Choosing pg_tide
Choosing the right messaging infrastructure is one of the most consequential architectural decisions you'll make. This page helps you determine whether pg_tide is the right fit for your project by examining where it excels, where alternatives serve better, and how it compares to other tools you might be considering.
When pg_tide Is a Great Fit
You need reliable event publishing from PostgreSQL
Your application writes to PostgreSQL and needs to notify other systems about those writes — sending emails, updating search indexes, feeding analytics pipelines, triggering downstream workflows. You want guarantees that every committed transaction produces exactly one event: no lost messages, no duplicates, no manual reconciliation.

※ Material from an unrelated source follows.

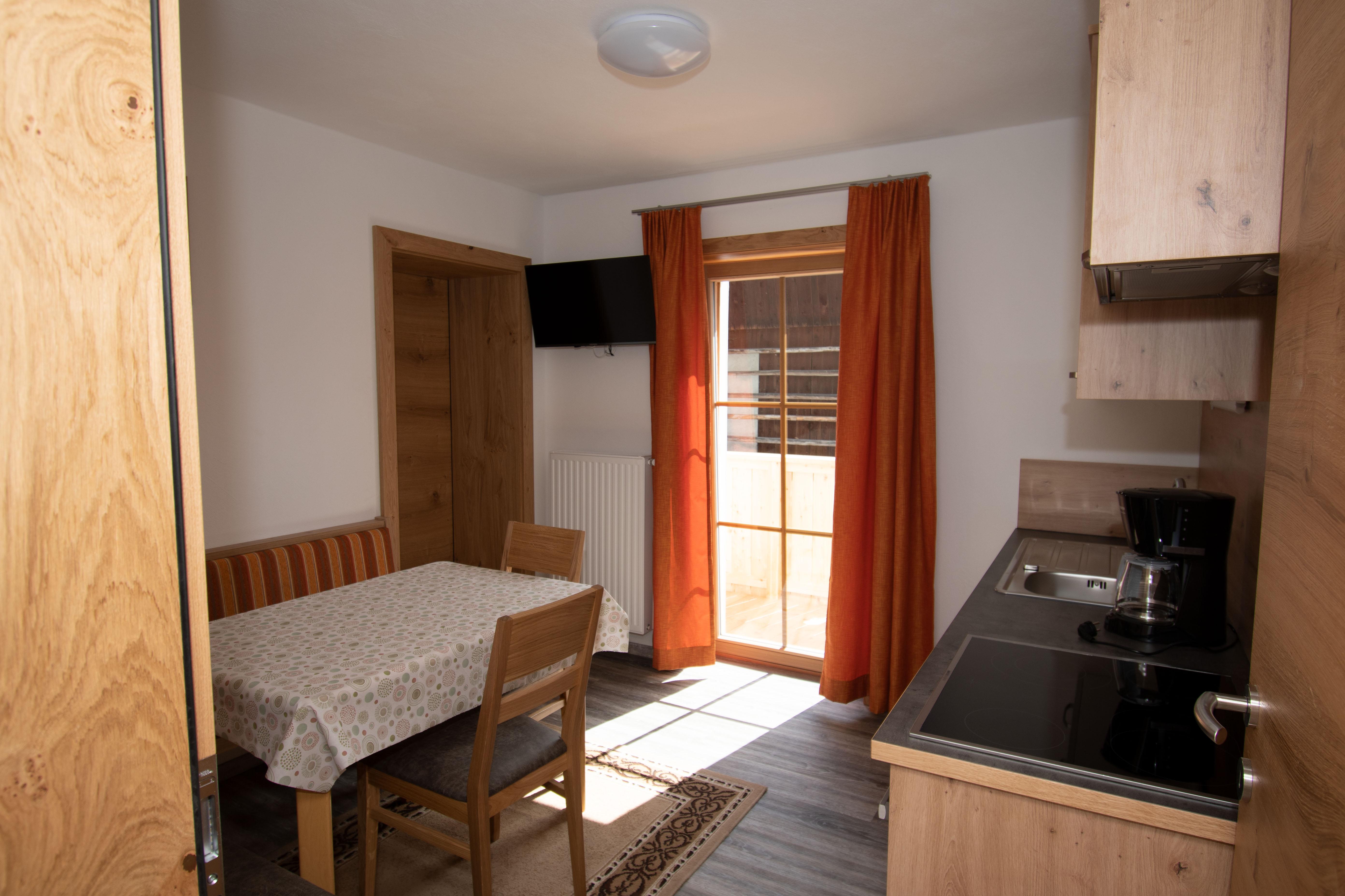 Wohnraum Der Wohnraum bildet das Zentrum der Ferienwohnung. Hier kann gemeinsam auf der gemütlichen Couch entspannt werden. Ein Fernseher mit Digital-TV erlaubt den Zugriff auf viele Sender und Anschlüsse für Spielkonsolen. Die großen Fenster bieten einen super Blick auf die umliegende Bergwelt und versorgen die Wohnung mit stehts viel Licht. Damit findet jeder in seinem Zimmer einen Rückzugort und der Wohnraum bildet einen sozialen Treffpunkt.

pg_tide was built specifically for this scenario. The transactional outbox pattern ensures your events are published atomically with your business data. If the transaction commits, the event is guaranteed to be delivered. If it rolls back, the event never existed.
You want to eliminate dual-write bugs
The dual-write problem is pernicious because it's intermittent and silent. Your application might work perfectly 99.9% of the time, but during network hiccups, process restarts, or database failovers, events get lost or duplicated. These bugs are incredibly difficult to detect in testing and even harder to reproduce.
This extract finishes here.